Yeah, a long way to describe that. So when you were first getting started in that space, like how did you get into deal flow? Like, like take, keep, stay in the early days, just a little bit longer of that space, like you’re making those initial, those initial investments. Like how were you making some of those decisions?
’cause I’m guessing, I mean, I, I don’t know this, but I’m guessing they weren’t all winners, right? Like there’s different things that happened in some companies, like Yeah. In small business When you first started investing. Yeah. When you first started investing. Even before Capital Pad. Okay. Yeah. In, in the small business space, it’s, incredibly difficult to get access to good deal flow as I Yeah, that’s what I’m getting at. Like deal flow is not easy. Like you said, you can’t just walk up to the dumpster guy and say, Hey, how much are you making? Is it a good business? I on in like it doesn’t work that way necessarily. Yeah. I first I think very few people even know it’s an option.
Some, some people have heard of search funds. Fewer people have heard of independent sponsors, and I guess I should probably define these for people. Yeah. There are three different types of we’ll call investment types. Mm-hmm. In this like small business SMB space, one is called the traditional search funds, and this is what people have heard of.
A lot of these come out of like the, the Ivy League MBA programs and stuff like that. And traditional search fund is, you have some. Talented individual and they’re gonna raise a little bit of money from people to go and search for like a year, maybe two years, to find this company to buy. And I say company, maybe it’s like worth 10 to $20 million company.
It’s a historically very profitable, kind of boring company. And they find it, and you know, the person selling, it’s probably retiring is the. Traditional avatar, it’s not always the case. Mm-hmm. But that’s traditional avatar. Maybe it’s a little machine shop or an HVAC company or a little plumbing company or anything like that.
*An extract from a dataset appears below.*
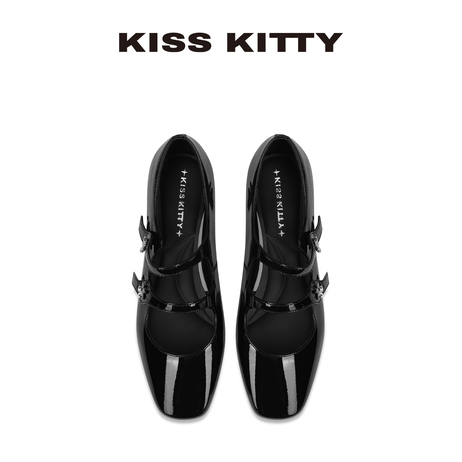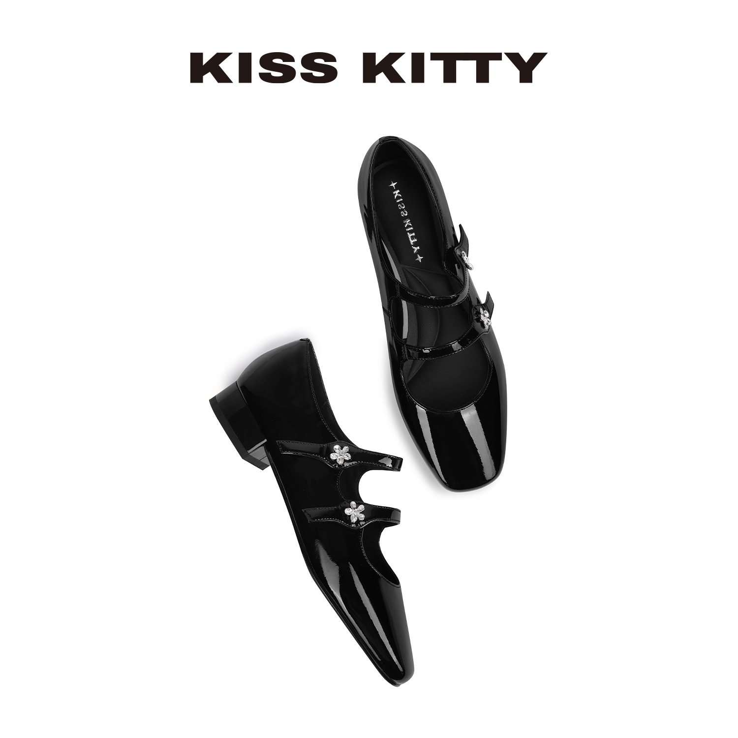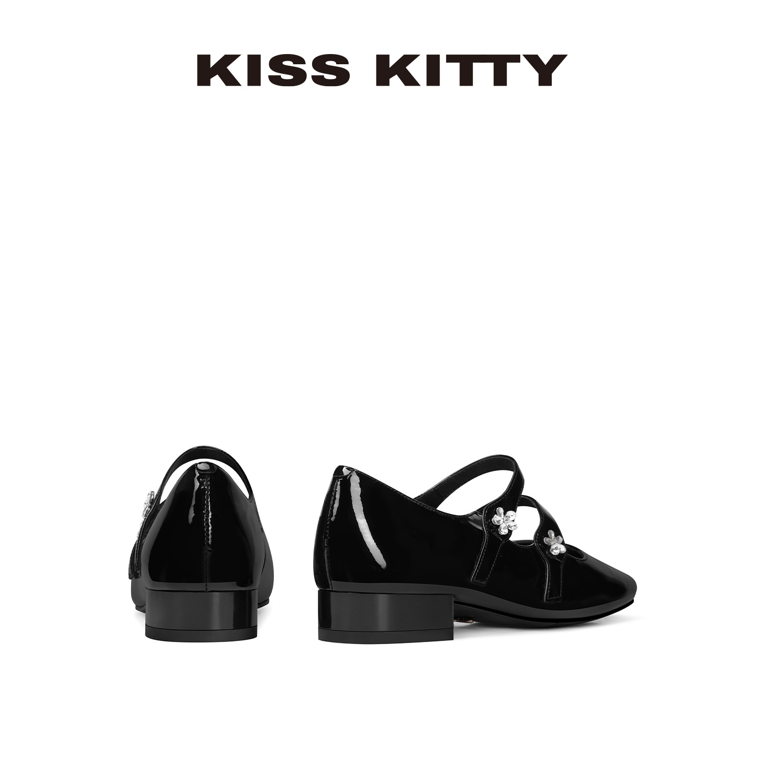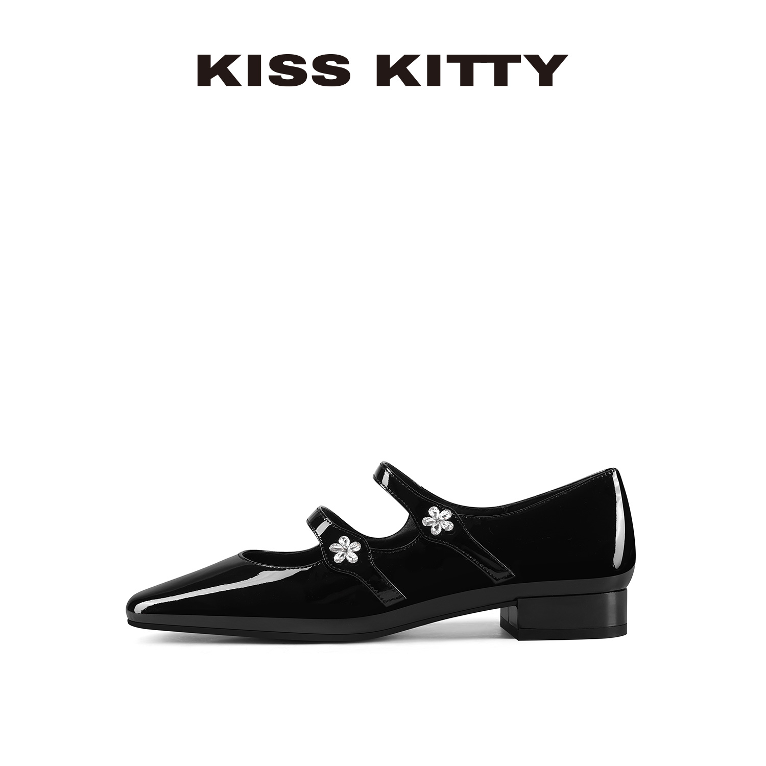 女黑色粗跟山茶花小个子方头单鞋 百搭玛丽珍鞋 新款 KISSKITTY夏季

Home service, you, you never know. And so they go and buy that. And once they find it, then they go back to the investors and, and the investors chip in for the rest of it. Now the person who found it and bought it, they get a meaningful chunk of the equity for that. Yeah. They’re now partial owners and the investors own the rest.
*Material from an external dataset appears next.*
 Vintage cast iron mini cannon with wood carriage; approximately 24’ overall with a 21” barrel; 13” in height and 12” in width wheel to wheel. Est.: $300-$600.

So that’s the traditional search fund. Mm-hmm. The self-funded searcher way. Which is become way more popular last year. It’s like the ETA space, like entrepreneurship through acquisition. A lot of people heard of. It’s kind of the same thing except just one person. They go, or one person and a team of people, they spend their own capital and time.
Sometimes it’s part-time, sometimes it’s full-time office savings. Mm-hmm. And they go and find the business. They diligence it, they get it ready. They put in the, the LOI. They get accepted and then they go and raise the last little bit of money. A lot of them are using SBA loans combined with finding investors like myself to invest in it.
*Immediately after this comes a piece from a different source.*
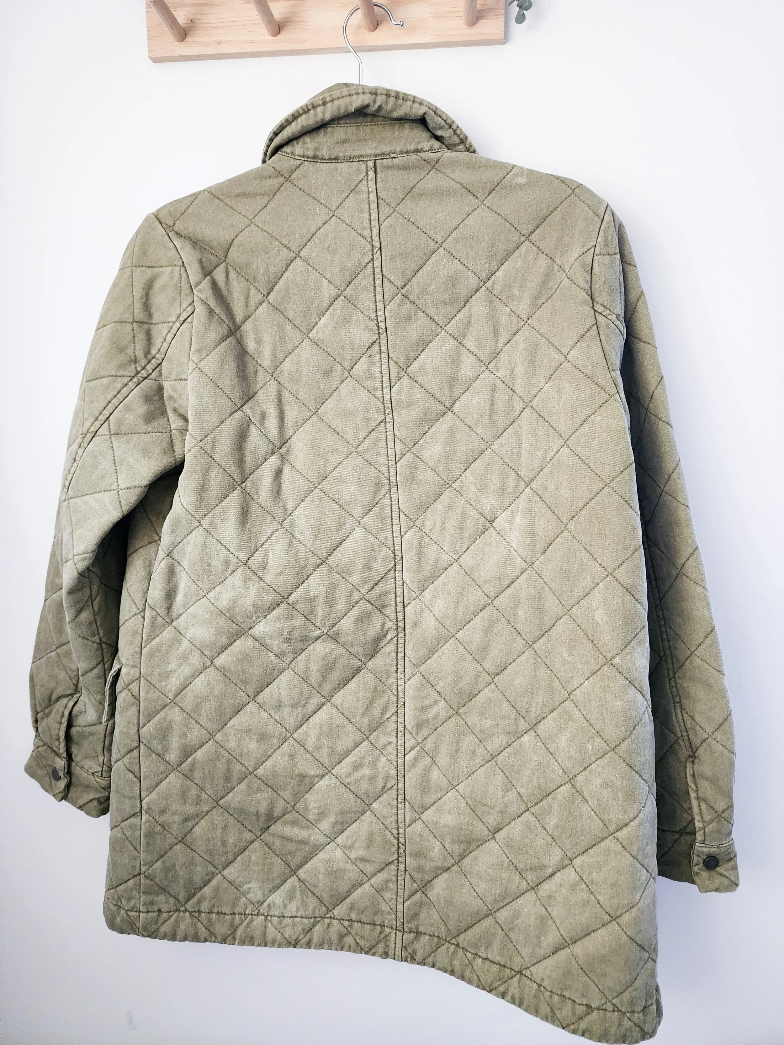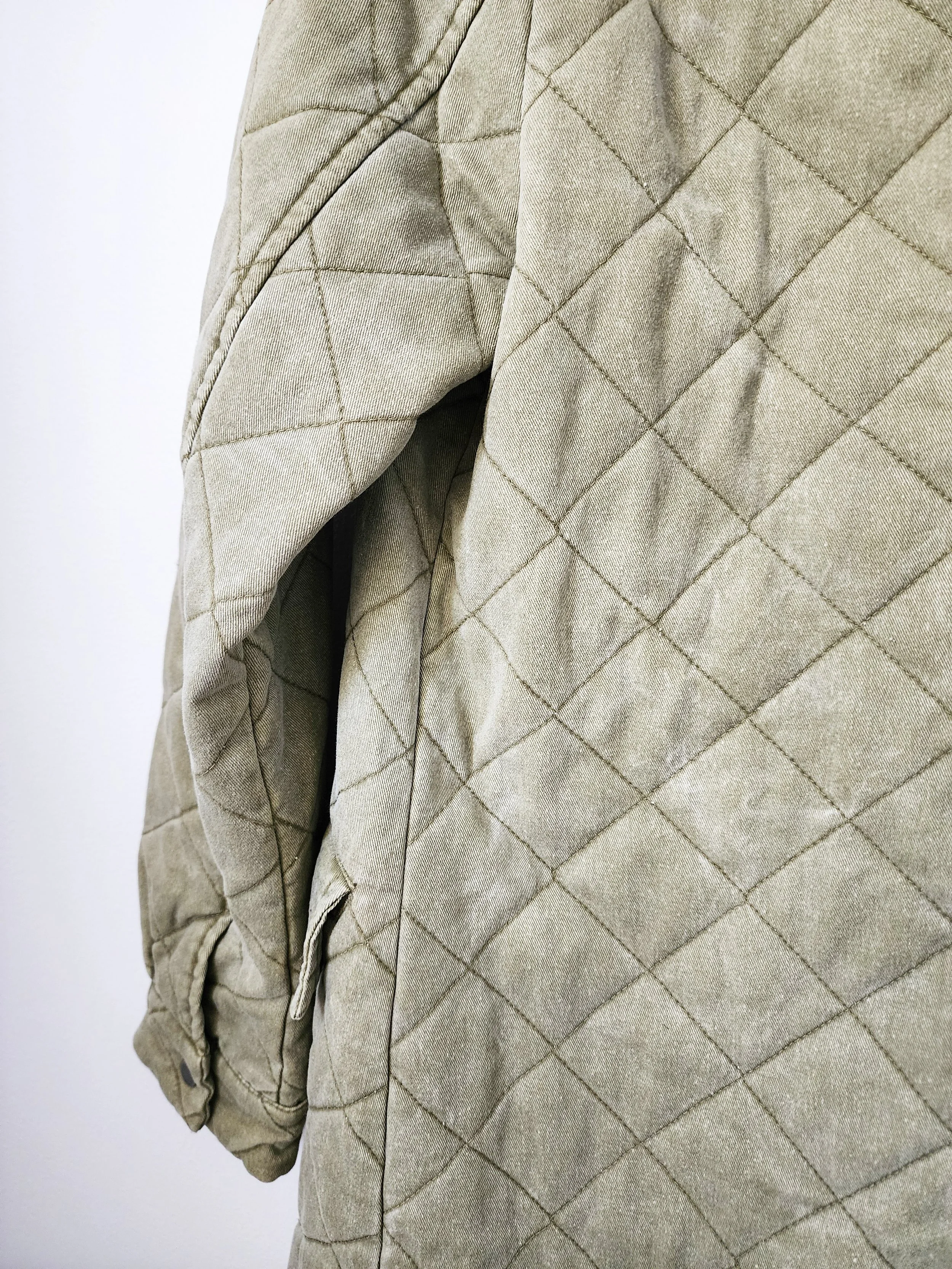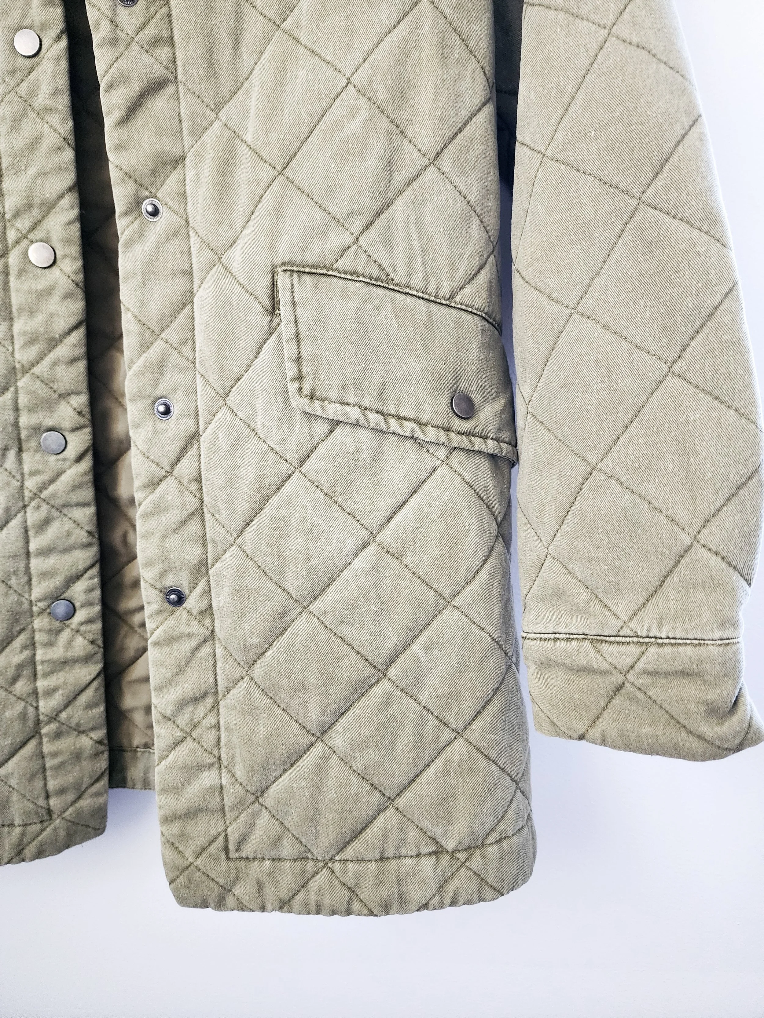 • features a quilted fit with a snap up front and cuffs along with deep pockets with snap-close flaps

Mm-hmm. And the last group is like independent sponsors. Those are frequently former private equity people. Who decide to go out on their own. And so they’re also called like Fundless sponsors. Or as mentioned before, like they sometimes call them fundless sponsors. Yeah. Because they don’t, they don’t have a lot of fun at first.
It’s kind of, it’s kind of a hard job. It sounds difficult. So they, they essentially go out on their own, find a big deal, put it together, they find, you know, they put a CEO in place, they raise the capital from investors and these are much bigger deals frequently. Mm-hmm. And they earn a percent of the upside with that.
Mm-hmm. So those are the three different types of kind of investments in the SB space. That was a long description. Sorry. No, that’s very good. That’s very good. No, ’cause this is nuts and bolts like learning. We’re getting a lot done here. Continue, by the way. Yeah. This is great. But, so the whole point of this was like.
How did you find these deals? Yeah. First, once you know this space even exists, then you, you know, start talking to friends, looking on forums and stuff like that and it’s quite difficult. So I started Sounds like it talking to, because first off, you have an exceptional network, just even based off of what you were doing before you were natural or if it was or was not natural.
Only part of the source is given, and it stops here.